• _Records_:

_ _ _

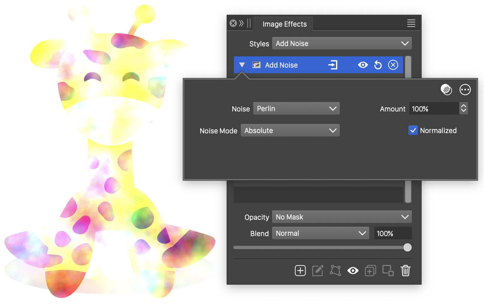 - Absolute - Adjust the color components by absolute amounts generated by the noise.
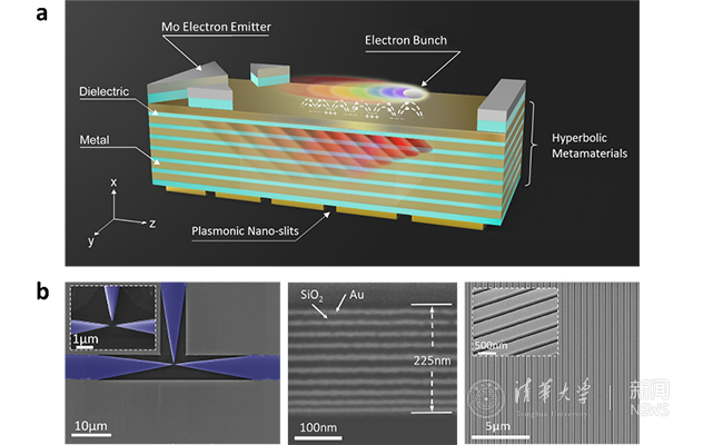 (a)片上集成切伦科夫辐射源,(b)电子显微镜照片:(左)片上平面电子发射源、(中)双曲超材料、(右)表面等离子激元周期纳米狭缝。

_ _ _

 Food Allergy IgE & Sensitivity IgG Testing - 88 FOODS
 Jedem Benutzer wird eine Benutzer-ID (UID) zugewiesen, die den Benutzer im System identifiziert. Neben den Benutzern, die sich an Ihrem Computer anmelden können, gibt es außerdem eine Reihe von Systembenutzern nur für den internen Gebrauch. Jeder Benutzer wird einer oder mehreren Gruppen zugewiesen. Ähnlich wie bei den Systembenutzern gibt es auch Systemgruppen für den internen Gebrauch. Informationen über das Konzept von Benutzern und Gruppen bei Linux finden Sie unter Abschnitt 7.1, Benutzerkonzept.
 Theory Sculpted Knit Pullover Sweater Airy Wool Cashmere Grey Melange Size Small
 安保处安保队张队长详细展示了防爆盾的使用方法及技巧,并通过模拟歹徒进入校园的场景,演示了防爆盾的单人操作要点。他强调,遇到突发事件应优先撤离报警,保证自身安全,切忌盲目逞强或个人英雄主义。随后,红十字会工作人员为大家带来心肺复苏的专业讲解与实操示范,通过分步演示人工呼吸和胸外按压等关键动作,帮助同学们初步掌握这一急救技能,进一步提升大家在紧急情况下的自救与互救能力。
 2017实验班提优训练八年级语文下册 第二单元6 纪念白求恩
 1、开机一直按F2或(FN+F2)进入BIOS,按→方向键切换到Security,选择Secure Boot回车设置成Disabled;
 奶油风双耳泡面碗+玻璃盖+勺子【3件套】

_ _ _

Your answer should be the lines of the listing above between the line holding "Jedem Benutzer wird" and the line holding "Theory Sculpted Knit", inclusive, restated word for word and alone.

 Jedem Benutzer wird eine Benutzer-ID (UID) zugewiesen, die den Benutzer im System identifiziert. Neben den Benutzern, die sich an Ihrem Computer anmelden können, gibt es außerdem eine Reihe von Systembenutzern nur für den internen Gebrauch. Jeder Benutzer wird einer oder mehreren Gruppen zugewiesen. Ähnlich wie bei den Systembenutzern gibt es auch Systemgruppen für den internen Gebrauch. Informationen über das Konzept von Benutzern und Gruppen bei Linux finden Sie unter Abschnitt 7.1, Benutzerkonzept.
 Theory Sculpted Knit Pullover Sweater Airy Wool Cashmere Grey Melange Size Small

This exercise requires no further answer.